While navigating the straits of the virus pandemic, you can bet Senter is looking to cut travel expenses, if for no other reason than to pay his own salary. This could mean reaching for more logical regional connections (New Mexico, N.M. State, Colorado State, Tulsa, SMU, Houston et al). Meanwhile, Senter hopes not to lose footing in Conference USA, which grumpy old duffers in the bleachers would consider no big loss. 
Stadium scoreboards have a way of forcing us to accept certain truths. In 2018 UTEP brought in Northern Arizona to pad the W-L record against a school that gives fewer scholarships. Ahem. The visitors left the Sun Bowl with a 30-10 victory. Worse, it felt like the better team won.
So, given the current free-for-all in college athletics, UTEP football needs to build on its 1-0 start, play meaningful games in November and carry momentum in basketball for both men and women. Why now, maybe more than ever? 

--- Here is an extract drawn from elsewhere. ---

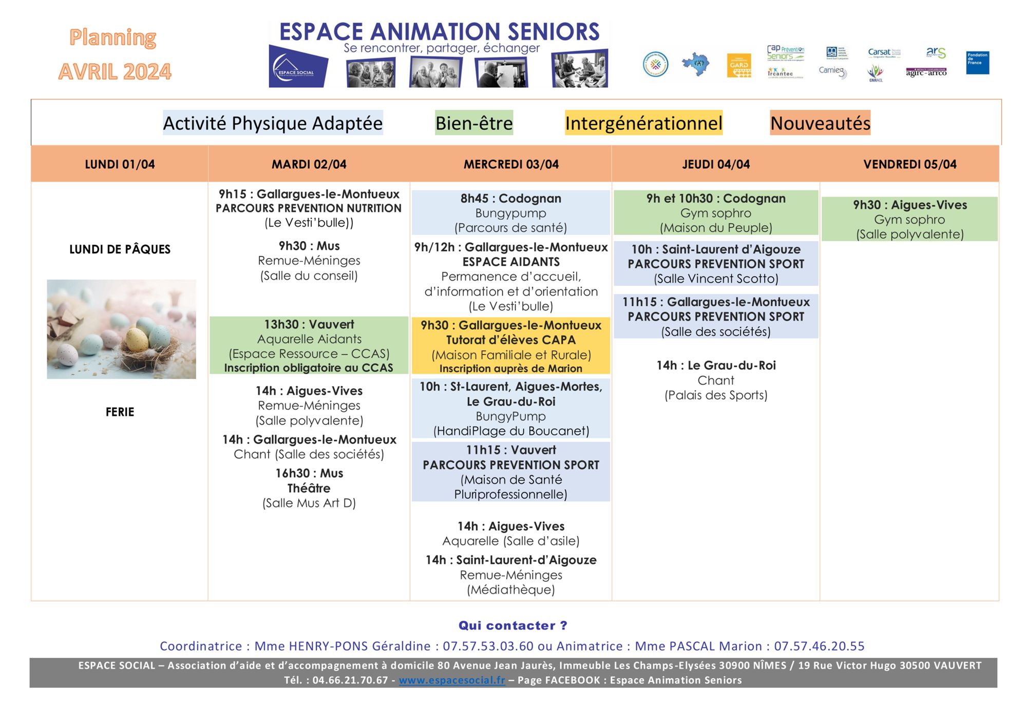 ESPACE SOCIAL organise des actions collectives avec les partenaires locaux (mairies, CCAS, CMS…) sur différentes communes : Le Grau-du-Roi, Aigues-Mortes, Saint-Laurent-d’Aigouze, Aimargues, Le Cailar et Gallargues-le-Montueux. Aigues-Vives, Mus, Codognan (Planning en téléchargement en bas de page).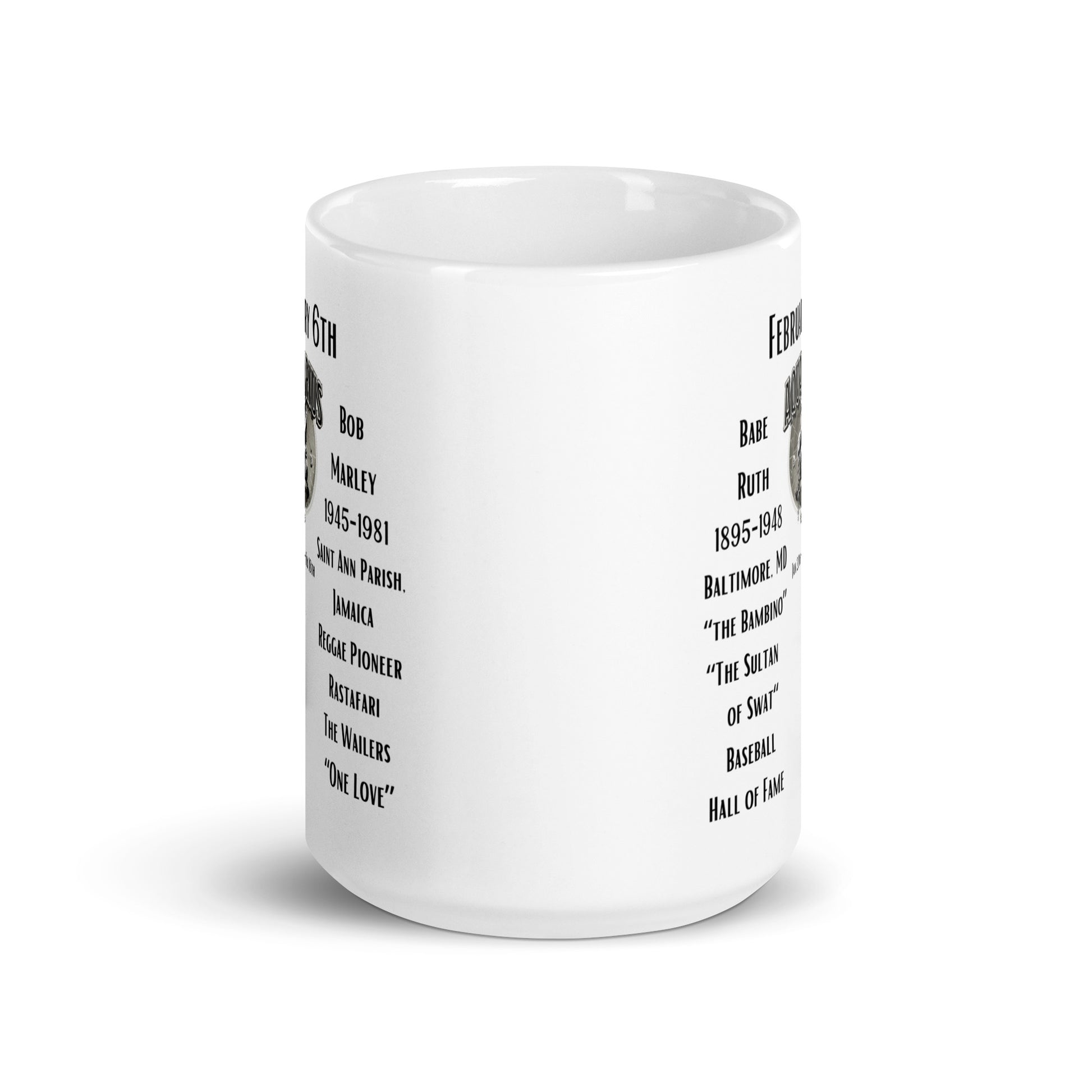 On This Day: Birthday Series - February 06th - (B) Babe Ruth & Bob Marley - White glossy mug

As a Tier 1 research institution, UTEP academics — especially among Hispanics — may line up with some of the top schools in America. Bu for athletics, do the Miners have the gumption and the quickdraw to aspir align with Texas Tech and TCU? Or do we play in the same neighborhood of Angelo State, Houston Baptist and West Texas A&M? 
If you ever noodled on donating or buying season tix, whip out your checkbook. It’s show time. Never has a 3- to 4-year period been more pivotal to the future orbit of the UTEP Miners.